By George T. Heineman
October 25, 2008 | Comments: 2

Overview

This is the first of a series of monthly columns in the blog associated with the Algorithms in a Nutshell book, published October 2008 by O'Reilly Media, Inc. As of October 20th the book is available at most major retail outlets.

In this column we show how to download and install the Algorithm Development Kit (ADK), the code repository associated with the book. You will be able to download the latest ADK version from the Releases folder of the repository associated with the book. When you retrieve and unzip the ADK, you will note that it creates a directory structure rooted at a directory called ADK/Deployment; we refer to this directory as $ADKHOME. Read the accompanying README.txt file for instructions on building the ADK; for the rest of this column we assume you have a properly built ADK on your computing platform.

ADK Contents

The code repository contains full implementations of algorithms from the following domains. The list is numbered by chapter number within the book.

  1. Sorting: Insertion Sort, Median Sort, Quicksort, Selection Sort, Heap Sort, Counting Sort, Bucket Sort
  2. Searching: Sequential Search, Binary Search, Hash-based Search, Binary Tree Search
  3. Graph Algorithms: Depth-first Search, Breadth-first Search, Dijkstra's Algorithm, Bellman-Ford Algorithm, Floyd-Warshall Algorithm, Prim's Algorithm
  4. Path Finding in AI: Depth-first Search, Breadth-first Search, A*Search, Minimax, NegMax, AlphaBeta
  5. Network Flow Algorithms: Ford-Fulkerson, Edmonds-Karp
  6. Computational Geometry: Convex Hull Scan, Line Sweep, Nearest Neighbor Query, Range Queries
In this column we will show how to use some of the Sorting algorithms implemented in C. Subsequent columns will investigate each of the remaining chapters listed above. Note that we provide implementation using a variety of programming languages, including Java, Scheme, C, and C++.

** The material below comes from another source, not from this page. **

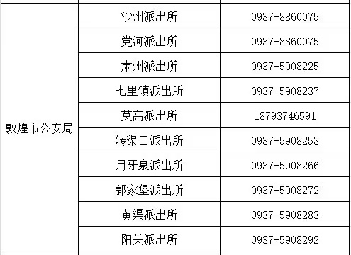 说明:关于酒泉敦煌市辖区各户籍派出所联系电话信息作出免责声明:关于此信息作出免责声明,此信息图文仅供参考,小编不承担任何法律责任。此信息来源于有关机构的公开内容,在此经过整理并转载,唯一的目的是通过互联网传播便民惠民信息。由于时间等原因,难免使信息发生变更,此信息如有侵权,或者差错,请联系删除,直接联系便民信息平台秋果黄页网客服电话(187-8199-3958微信同号),一定会及时删除和修正。
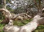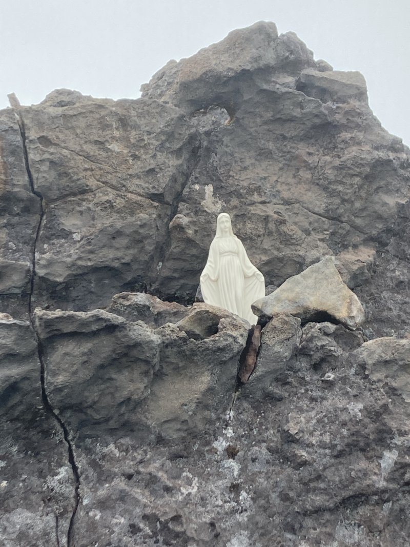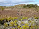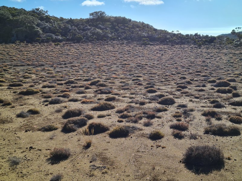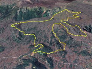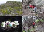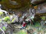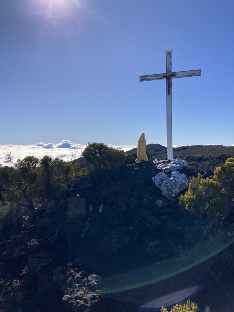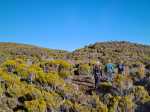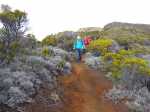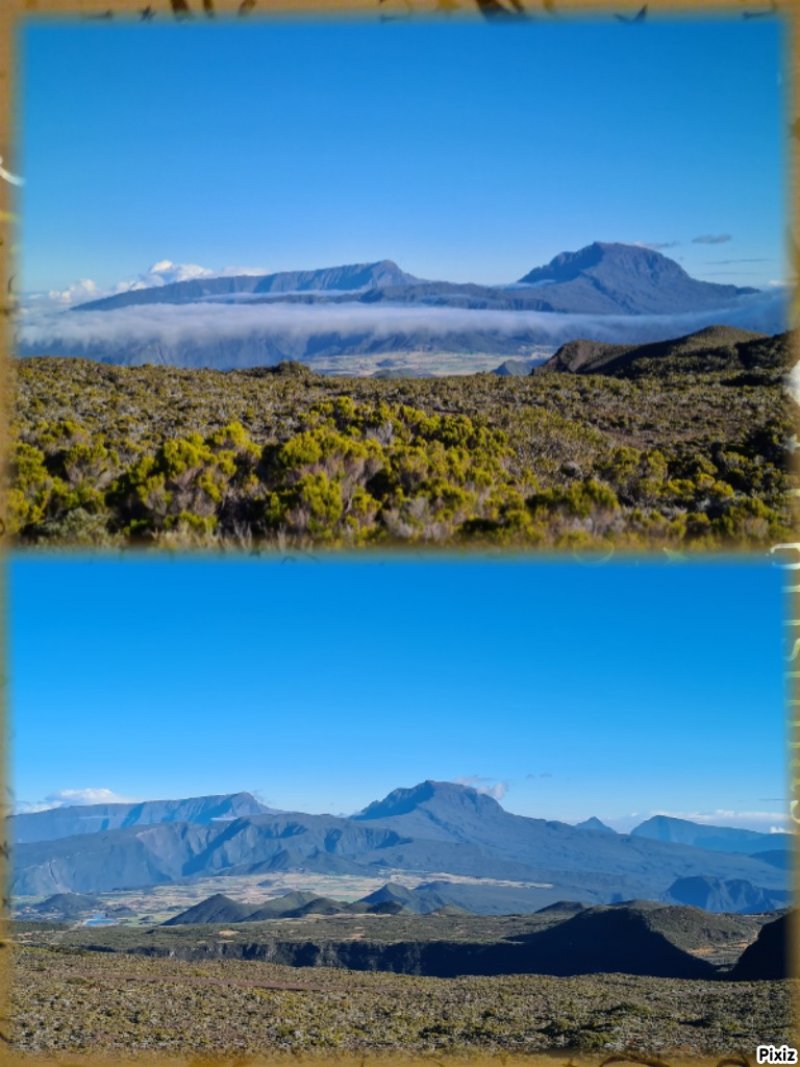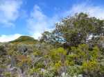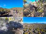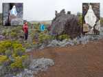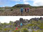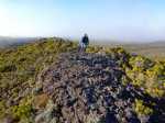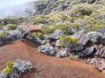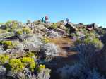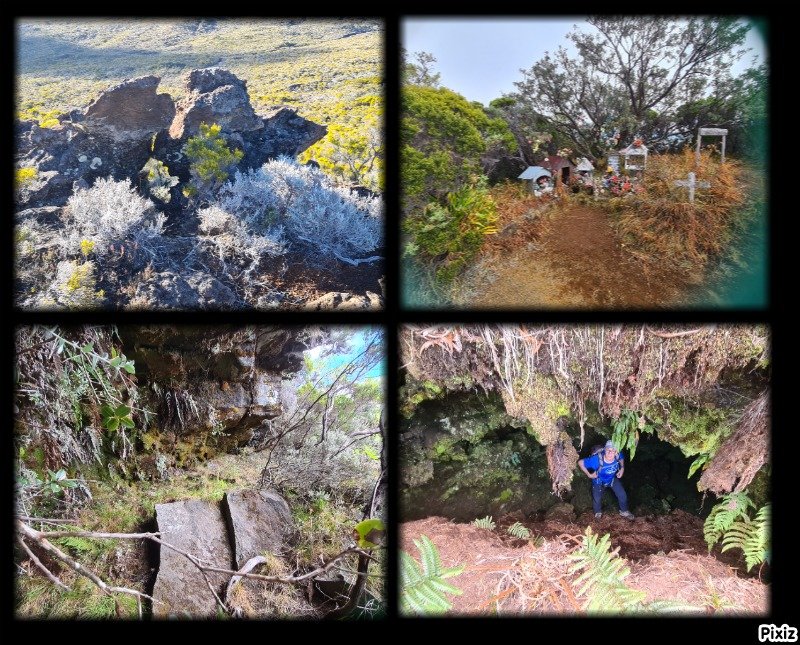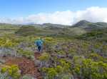 La randonnée débute à l'aire de pique-nique de Bois Ozoux sous des dizaines de petits tamarins. Rejoindre le GRR2 qui remonte vers l'Oratoire Ste-Thérèse. Le sentier, en pente légère, est bien marqué à travers les brandes d'altitude (Photo 1). Marcher jusqu'à la Stèle Josémont Lauret en profitant de magnifiques panoramas sur le Piton des Neiges et vers le Nez de Bœuf. Dix mètres avant le monument vieillissant, obliquer à gauche puis emprunter un étroit sentier remontant en direction du sommet du Piton des Feux de Manzac. Il est emprunté principalement par les fidèles qui viennent prier la petite vierge perchée à 2384 m d'altitude. La croix qui lui tient compagnie et qui orne le sommet n'est visible ni de la route ni sur les cartes (Photo 2). Poursuivre sur l'arête sommitale rocheuse où peu de végétation vient gêner la marche (Photo 3). Redescendre et obliquer à droite pour retrouver pour quelques instants le GRR2 et la piste empierrée menant à la Caverne des Lataniers. La caverne, fouillée par les archéologues en 2017, a retrouvé son aspect habituel et peut abriter plusieurs personnes en cas de pluie. Elle aurait longuement abrité le roi Manzac, sa femme la Reine Fouche, plusieurs marrons au 18ème siècle ainsi que des chasseurs d'esclaves ou premiers explorateurs. Les abords de la caverne auraient même accueilli un abri dont on peut apercevoir quelques traces de murets (Photo 4). Quitter les lieux pour marcher vers l'ouest en direction de collines non marquées sur la carte mais bien visibles sur le terrain (Photo 5). La marche est aisée et respectueuse de la flore si l'on prend soin de contourner les touffes de branles blancs ou verts (Photo 6). La végétation rase de la région permet des panoramas de tous côtés. On domine la Plaine des Cafres, la vallée de la Rivière des Remparts et le Cratère Commerson datant de 60 ap. JC (Photo 7). Se diriger ensuite vers le piton 2390 qui se remarque aux roches empilées au sommet et se rejoint très rapidement à travers de vastes étendues de thym marron (Photo 8). Le chaos rocheux se traverse facilement avant d'entreprendre la jonction avec le piton 2399 (Photo 9). Les grandes étendues de thym permettent une marche rapide totalement à plat (Photo 10). Le bord du cratère comporte des zones rocheuses avec de belles formes minérales (Photo 11). Longer le cercle presque parfait du cratère puis prendre ensuite la direction du Rempart des Basaltes en escaladant ou en évitant le piton 2412 déjà présenté dans une autre boucle hors sentier (Photo 12). Rejoindre la piste puis le sentier menant à l'oratoire Ste-Thérèse et le Piton des Basaltes surmonté d'antennes. Profiter des superbes vues sur le Fond de la Rivière de l'Est et sur le piton éponyme (Photo 13). On peut filer en hors sentier pour rester dans l'esprit de cette boucle ou longer le sentier menant au Piton de l'Eau pour continuer à profiter des paysages sur la droite (Photo 14). Rapidement, trouver un passage facile dans la végétation pour atteindre le piton 2361 que l'on remarque depuis le sentier (Photo 15). La montée rapide est facile. Poursuivre vers l'est en serpentant entre les touffes de diverses brandes. Après un km on se retrouve face à un cône éruptif récent, nu, où des traces de sentiers montrent qu'il est régulièrement visité (Photo 16). Les gratons de la coulée de lave du Petit Cratère sont instables autour de la bouche abritant quelques instruments de l'observatoire du volcan. Après ce cratère, se diriger ensuite vers le Piton Sauvetage qu'on escalade quelques minutes plus tard. Une fois au sommet on domine à nouveau la région et la prairie circulaire occupant le fond de l'ancien cratère (Photo 17). Partir sur la gauche en longeant l'arête du cratère et trouver dans le bas le petit sentier menant à la prairie (Photo 18). Avant de poursuivre, monter un peu dans les branles puis rejoindre la grotte qu'on devine depuis la prairie. Cet abri naturel a sans doute connu la visite de Manzac même si on n'en trouve mention nulle part (Photo 19). Il reste dans la région de nombreux petits cônes éruptifs anciens entre le Piton Sauvetage et la Piste Forestière du Piton de l'Eau (Photo 20). Le premier rencontré est le piton 2276 recouvert de tant de végétation qu'on n'y trouve que très peu de traces de passages des bovins. Son ascension est courte mais intense car il faut se baisser constamment pour passer sous les branches. Il faut même ramper par endroits pour faire passer plus facilement le sac à dos (Photo 21). Cette ascension est facultative pour cette raison même si on y rencontre une grotte originale dans la descente. Le piton 2220 est plus facile d'accès. On chemine dans des branles plus grands que depuis le départ, ponctués par endroits de quelques tamarins (Photo 23). On peut là aussi éviter le piton ou en escalader les flancs en passant toujours sur des zones sableuses sans végétation ou sur des sentiers créés par les petites vaches. La végétation devenant plus dense, filer plein nord pour rejoindre le sentier du Piton de l'Eau. Partir à gauche pour traverser la tamarinaie au pied du Piton Tangues, idéale pour une pause sur la pelouse. Certains arbres, tombés au sol, poursuivent leur croissance dans des positions très biscornues (Photo 24). Il est alors possible de poursuivre par les sentiers jusqu'au Bois Ozoux ou, comme ici, entamer une longue boucle pour atteindre et contourner le piton 2368. C'est parti pour un long périple qui zigzague entre les touffes ou bosquets en cherchant toujours à marcher sur les plaques sableuses (Photo 25). Ces espaces deviennent glissants dans les fortes pentes (Photo 26). Une fois au plus près du sommet il est possible de rejoindre le Piton des Feux de Manzac ou de longer la vallée d'un affluent du Grand Bras Piton. Dans ce cas, le parcours passe près d'un rocher dans lequel on voit deux nouvelles Vierges. Seuls les randonneurs aimant le ho

Download November Code Samples

You can download the code samples described in this column from the code.zip file found at code.zip (160,726 bytes). The following examples were tested on a standard Linux box using gcc version 4.2. Future columns will show code examples in Eclipse using Java and other languages, as appropriate. Unzipping the code.zip file will create a directory structure rooted in a directory named "November_2008". For immediate use, please unzip the contents of code.zip in the grandparent directory of $ADKHOME which ensures that "ADK" and "November_2008" are sibling directories. Something like the following commands should suffice on Linux:

cd $ADKHOME        
cd ../..
unzip code.zip

If you are unable to unzip the code.zip in the proper place, you can still get the code in this column to work by modifying the November_2008/Makefile to properly locate $ADKHOME on your filesystem. Within the November_2008 directory, type make to build the executables used in this column. Within the November_2008 directory is an Excel spreadsheet NovemberData.xls that contains a sample of the benchmark runs found in this column.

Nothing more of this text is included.